6 thoughts on “OSSA Day 2: Botting on Interpretive Dilemmas”

  1. I think I understand your question now much better than I did during the presentation. I think it will make a lot more sense in my paper than in my presentation, where I was trying to compress a 10,000 words-plus paper into 25 minutes (and succeeded too well by finishing early from fears of taking too long).

    A dilemma or a trilemma? In the paper I talk about two interpretative principles which are roughly the same as strong or weak principles of charity (though there are other things rather haphazardly muddled in there as well, such as whether to be charitable to the protagonist or the antagonist). The dilemma is between these principles rather than between the interpretations as such (not that they will always conflict). I do allow that it is possible for “Don’t smoke” to be used to indicate a theoretical argument, to make a demand, or to express disapproval of smoking. Hence, in your words, a trilemma.

    If the first then “You too!” is only appropriate if it casts doubt on the sincerity of the speaker and is otherwise fallacious.
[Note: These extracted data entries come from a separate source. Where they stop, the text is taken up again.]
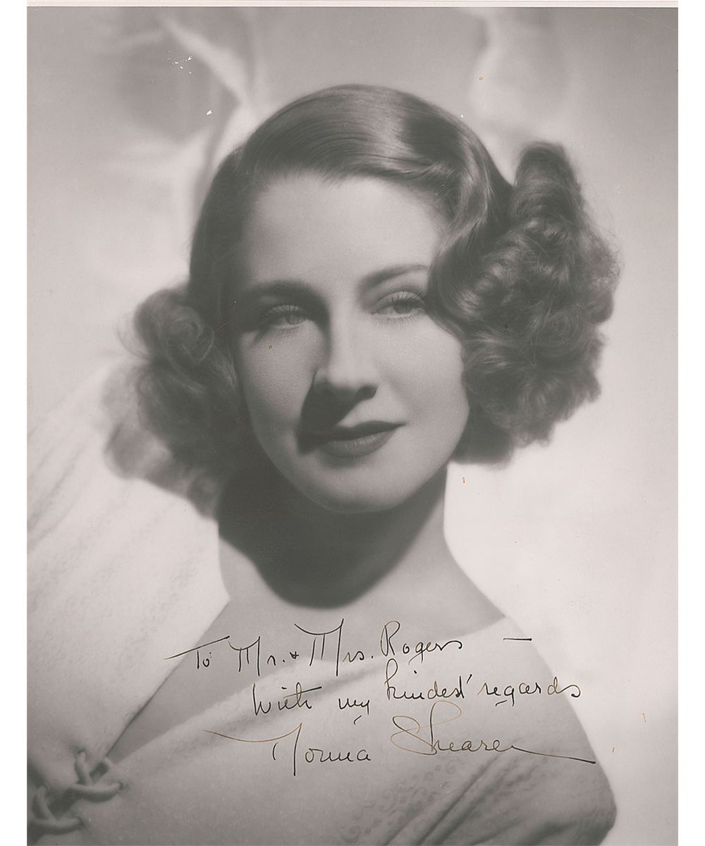 Vintage matte-finish 10.25 x 13.5 photo, signed and inscribed in fountain pen, “To Mr. & Mrs. Rogers—with my kindest regards, Norma Shearer.” Trimmed edges, a couple corner tip creases, and a few small spots of surface loss to background near top edge, otherwise fine condition.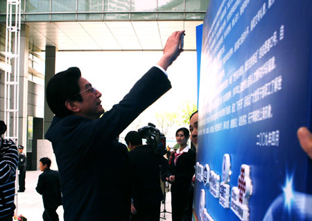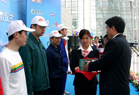 “百项工程保障世博,千个窗口服务世博,万名志愿者参与世博、万名党员争当世博先锋”——4月25日,上海市经济和信息化系统隆重举行 “上海市经济和信息化系统迎世博‘百千万’活动”启动仪式。上海世博会执委会专职副主任钟燕群,市委宣传部副部长、市文明办主任马春雷,市总工会副主席肖堃涛、团市委书记潘敏,市经济和信息化工作党委书记潘志纯等党政领导及系统各单位200余人参加仪式。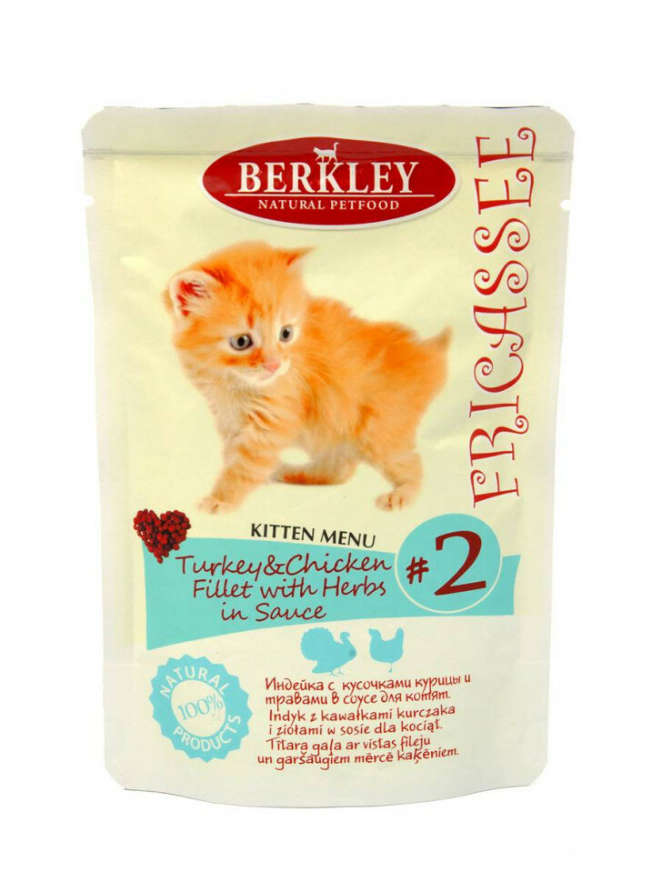 СохранитьBerkley Фрикасе №2 влажный корм для котят, индейка с кусочками курицы и травами, в соусе - 85 г x 12 шт интересное: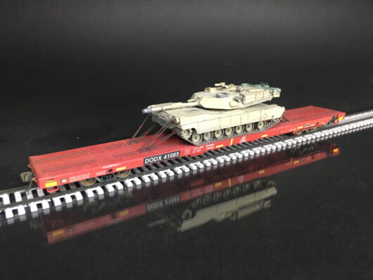 This model features an Abrams tank, muzzle covering, High Tech air hoses, metal grab irons, scale chains, AEI tags, and Kadee couplers. This model is lightly weathered.

This seems implausible in the smoking case for here it seems unlikely that the smoker who says “Don’t smoke” has any doubts about or commits any factual mistakes regarding the relative merits and demerits of smoking. But there are other cases where it would not be so implausible.

    If the second, then the speaker seems to be making a demand that he does not hold himself to, and then “You too!” indicates a criticizable inconsistency.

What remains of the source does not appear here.